Figura S2 suplementar: Desempenho de segmentação em nível de patch de modelos 3D U-Net e Attention U-Net para segmentação senoidal. Os gráficos ilustram o desempenho quantitativo dos modelos 3D U-Net e Attention U-Net em conjuntos de dados sinusóides, avaliados usando patches de imagem 3D de tamanho 64 x 64 x 64 voxels. As métricas mostradas incluem Exatidão, Precisão, Recall (Sensibilidade), Especificidade, Pontuação F1, Coeficiente de Dados, Interseção sobre União e Similaridade de Volume. Os resultados refletem a variabilidade entre os patches, oferecendo informações localizadas sobre o desempenho do modelo e destacando a heterogeneidade espacial nos volumes de tecido hepático 3D. Abreviação: IoU = Interseção sobre União. Clique aqui para baixar este arquivo.

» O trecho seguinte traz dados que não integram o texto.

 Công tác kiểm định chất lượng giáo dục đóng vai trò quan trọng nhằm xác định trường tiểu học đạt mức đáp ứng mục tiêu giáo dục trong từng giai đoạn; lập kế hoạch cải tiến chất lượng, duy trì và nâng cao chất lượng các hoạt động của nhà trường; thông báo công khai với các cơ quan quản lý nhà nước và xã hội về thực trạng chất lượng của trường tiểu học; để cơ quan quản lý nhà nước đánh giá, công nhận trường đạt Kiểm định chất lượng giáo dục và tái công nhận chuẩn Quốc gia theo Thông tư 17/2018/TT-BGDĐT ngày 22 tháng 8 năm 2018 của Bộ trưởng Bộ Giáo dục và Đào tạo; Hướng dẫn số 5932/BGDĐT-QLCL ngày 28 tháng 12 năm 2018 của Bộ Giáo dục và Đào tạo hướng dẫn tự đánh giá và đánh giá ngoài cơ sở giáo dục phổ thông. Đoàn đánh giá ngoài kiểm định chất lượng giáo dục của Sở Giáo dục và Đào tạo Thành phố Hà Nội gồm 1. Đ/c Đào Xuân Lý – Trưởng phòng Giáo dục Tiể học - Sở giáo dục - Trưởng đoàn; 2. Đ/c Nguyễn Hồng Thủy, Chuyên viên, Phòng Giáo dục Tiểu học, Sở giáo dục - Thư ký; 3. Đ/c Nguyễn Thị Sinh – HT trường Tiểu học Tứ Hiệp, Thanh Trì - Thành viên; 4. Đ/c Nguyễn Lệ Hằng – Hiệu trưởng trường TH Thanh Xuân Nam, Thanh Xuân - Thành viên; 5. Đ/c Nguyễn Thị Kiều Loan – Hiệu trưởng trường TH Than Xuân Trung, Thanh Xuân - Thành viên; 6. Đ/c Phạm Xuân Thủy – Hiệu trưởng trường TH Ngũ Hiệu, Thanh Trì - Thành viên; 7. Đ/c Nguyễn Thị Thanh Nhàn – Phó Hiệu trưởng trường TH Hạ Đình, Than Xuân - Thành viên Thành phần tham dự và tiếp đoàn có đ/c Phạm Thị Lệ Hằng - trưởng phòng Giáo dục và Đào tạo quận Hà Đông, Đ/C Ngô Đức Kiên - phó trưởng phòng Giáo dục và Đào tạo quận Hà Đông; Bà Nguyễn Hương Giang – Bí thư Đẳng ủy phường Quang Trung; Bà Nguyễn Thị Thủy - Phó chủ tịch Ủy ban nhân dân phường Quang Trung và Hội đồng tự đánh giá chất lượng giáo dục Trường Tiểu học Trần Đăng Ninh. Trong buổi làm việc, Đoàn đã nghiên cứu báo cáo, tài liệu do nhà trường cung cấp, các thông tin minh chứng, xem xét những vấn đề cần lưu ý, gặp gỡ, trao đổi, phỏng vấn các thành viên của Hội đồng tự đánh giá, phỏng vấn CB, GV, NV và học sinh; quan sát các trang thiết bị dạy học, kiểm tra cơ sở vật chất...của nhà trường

Figura Suplementar S3: Desempenho de segmentação em nível de patch dos modelos 3D U-Net e Attention U-Net para sinusóides como segmentação de tubos preenchidos. Os gráficos ilustram o desempenho quantitativo dos modelos 3D U-Net e Attention U-Net em sinusóides como conjuntos de dados de tubos preenchidos, avaliados usando patches de imagem 3D de tamanho 64 x 64 x 64 voxels. As métricas mostradas incluem Exatidão, Precisão, Recall (Sensibilidade), Especificidade, Pontuação F1, Coeficiente de Dados, Interseção sobre União e Similaridade de Volume. Os resultados refletem a variabilidade entre os patches, oferecendo informações localizadas sobre o desempenho do modelo e destacando a heterogeneidade espacial nos volumes de tecido hepático 3D. Abreviação: IoU = Interseção sobre União. Clique aqui para baixar este arquivo.

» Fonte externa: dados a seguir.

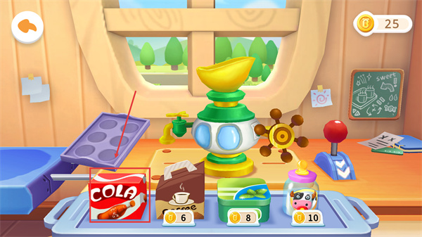 2、消耗金幣選擇【COLA】等原料,將其放入制作設(shè)備中,作為糖果制作的初始材料,推進(jìn)生產(chǎn)流程。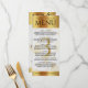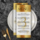 Add sophistication to 3rd leather wedding anniversary celebrations with this dinner menu, which features elegant lettering with gold-dusted hexagonal confetti on a luxurious white leather background bordered by gold foil. Customise with couple's names, dates of marriage, venue details, menu items, and congratulatory messages.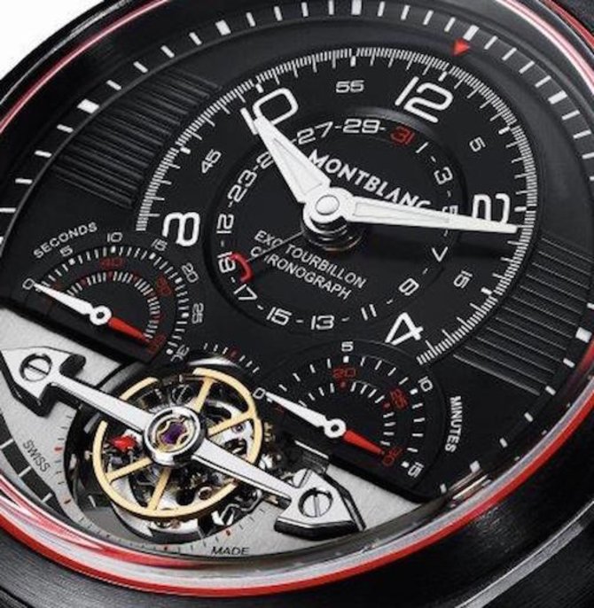 Новая модель механических наручных часов от компании Montblanc, выпущенная лимитированной серией из 100 экземпляров, представлена в круглом титановом корпусе с DLC-покрытием, диаметром 44 миллиметра и толщиной 16 миллиметров. Внутри корпуса расположен автоматический калибр MB R230 с турбийоном (запатентованный ExoTourbillon, созданный на мануфактуре Montblanc) и функцией хронографа. Герметичность корпуса высокая - 100 метров. На спортивном гильошированном циферблате черного цвета указываются часы, минуты, секунды и дата. Запас хода механизма - 50 часов. Также механизм обладает функцией остановки секунд.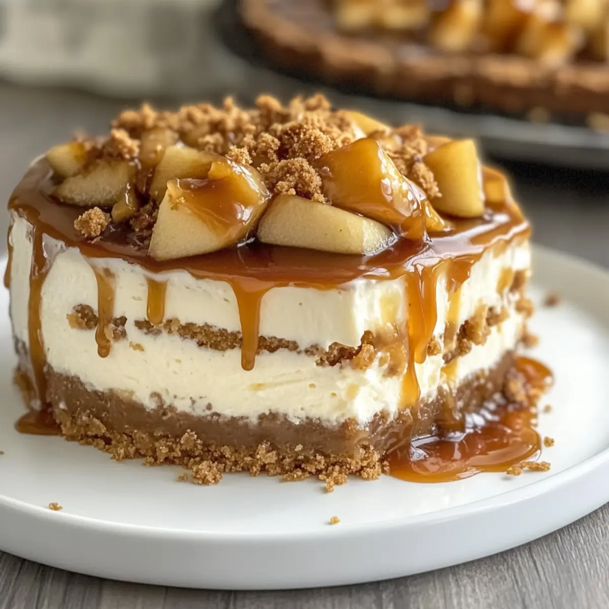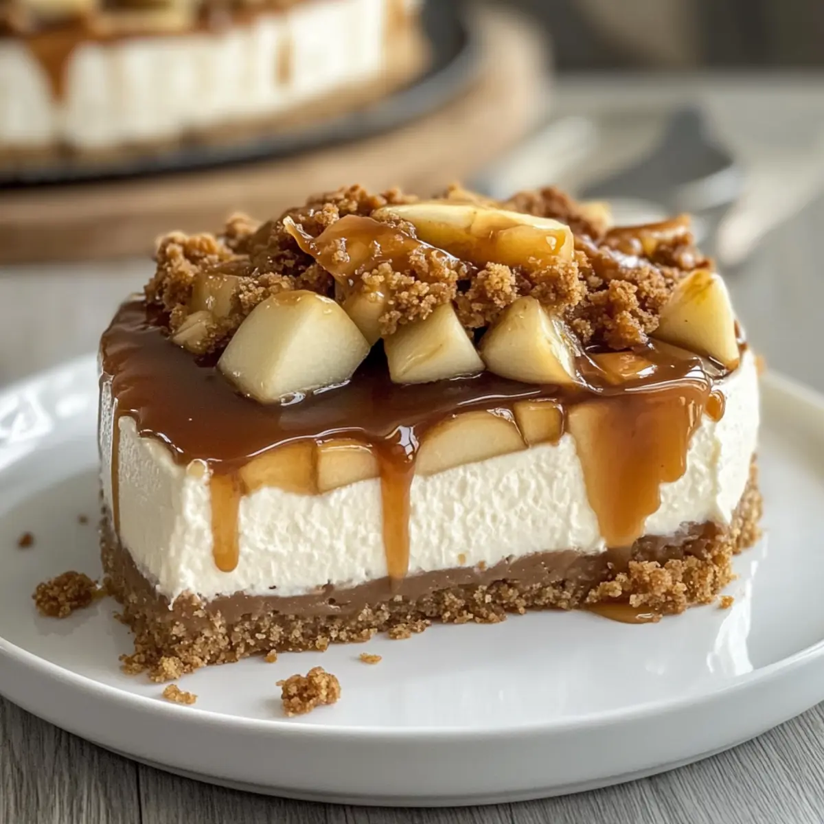 Fruit Swap: Substitute pears or peaches for the apple topping, enhancing its flavor profile and giving a fresh twist. The sweet and juicy fruits provide a perfect contrast to the creamy cheesecake.

Figura Suplementar S4: Desempenho de segmentação em nível de patch de modelos 3D U-Net e Attention U-Net para vasculatura cerebral a partir de imagens de microscopia de folha de luz. Os gráficos ilustram o desempenho quantitativo dos modelos 3D U-Net e Attention U-Net em conjuntos de dados de vasculatura de todo o cérebro, avaliados usando manchas de imagem 3D de tamanho 64 x 64 x 64 voxels. As métricas mostradas incluem Exatidão, Precisão, Recall (Sensibilidade), Especificidade, Pontuação F1, Coeficiente de Dados, Interseção sobre União e Similaridade de Volume. Os resultados refletem a variabilidade entre os patches, oferecendo informações localizadas sobre o desempenho do modelo e destacando a heterogeneidade espacial nos volumes de tecido hepático 3D. Abreviação: IoU = Interseção sobre União. Clique aqui para baixar este arquivo.

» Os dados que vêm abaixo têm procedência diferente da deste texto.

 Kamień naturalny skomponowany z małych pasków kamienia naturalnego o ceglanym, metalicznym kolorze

Figura suplementar S5: Sobreposição de resultados de segmentação em imagens originais de microscopia de fluorescência 3D de canalículos biliares. Fatias de imagens representativas de conjuntos de dados de microscopia de fluorescência 3D de canalículos biliares no fígado de camundongos são mostradas com máscaras de segmentação sobrepostas em vermelho. As máscaras previstas dos modelos 3D U-Net e Attention U-Net são sobrepostas às imagens originais de microscopia em escala de cinza para avaliar visualmente a precisão da segmentação. Dez imagens de exemplo são apresentadas para ilustrar a capacidade dos modelos de capturar diversas características morfológicas e lidar com a variabilidade do sinal em diferentes regiões do tecido. Clique aqui para baixar este arquivo.